Reputation: 5689
On a reasonably equipped 64-bit Fedora (home) server with 12-Cores
and 64gb-RAM
, I have Spark 2.4
running in Standalone
mode with the following configuration in ./spark-env.sh
(where not shown are the items in that file that I have left commented out):
# =====================================================================
# Options for the daemons used in the standalone deploy mode
# =====================================================================
export SPARK_MASTER_HOST=dstorm
export SPARK_MASTER_PORT=7077
export SPARK_MASTER_WEBUI_PORT=8080 # JupyterLab uses port 8888.
# ---------------------------------------------------------------------
export SPARK_WORKER_CORES=3 # 12 # To Set number of worker cores to use on this machine.

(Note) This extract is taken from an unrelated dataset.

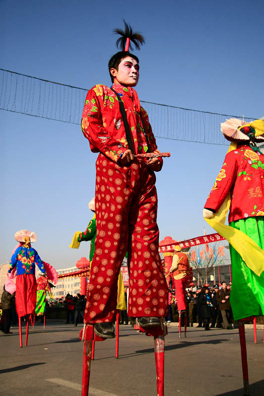 高跷会一般由群众自发串连组织起来的。正月十一、十二开始踩街,寓意告知人们在众多的民间花会中,今年挂个号。正月十五正式上街,一直到十八方告结束。小编记得这个节目一般都是和舞龙灯排在一起,当然各地有各地不同的风俗,有些地方是以扭秧歌的形式取代。

export SPARK_WORKER_MEMORY=4g # Total RAM workers have to give executors (e.g. 2g)
export SPARK_WORKER_WEBUI_PORT=8081 # Default: 8081
export SPARK_WORKER_INSTANCES=4 # 5 # Number of workers on this server.
# ---------------------------------------------------------------------
export SPARK_DAEMON_MEMORY=1g # To allocate to MASTER, WORKER and HISTORY daemons themselves (Def: 1g).
# =====================================================================
# =====================================================================
# Generic options for the daemons used in the standalone deploy mode
# =====================================================================
export SPARK_PID_DIR=${SPARK_HOME}/pid # PID file location.
# =====================================================================
After starting the Spark MASTER and WORKERS under this configuration, I then start Jupyter with just two Notebook tabs that point to this Spark Standalone Cluster.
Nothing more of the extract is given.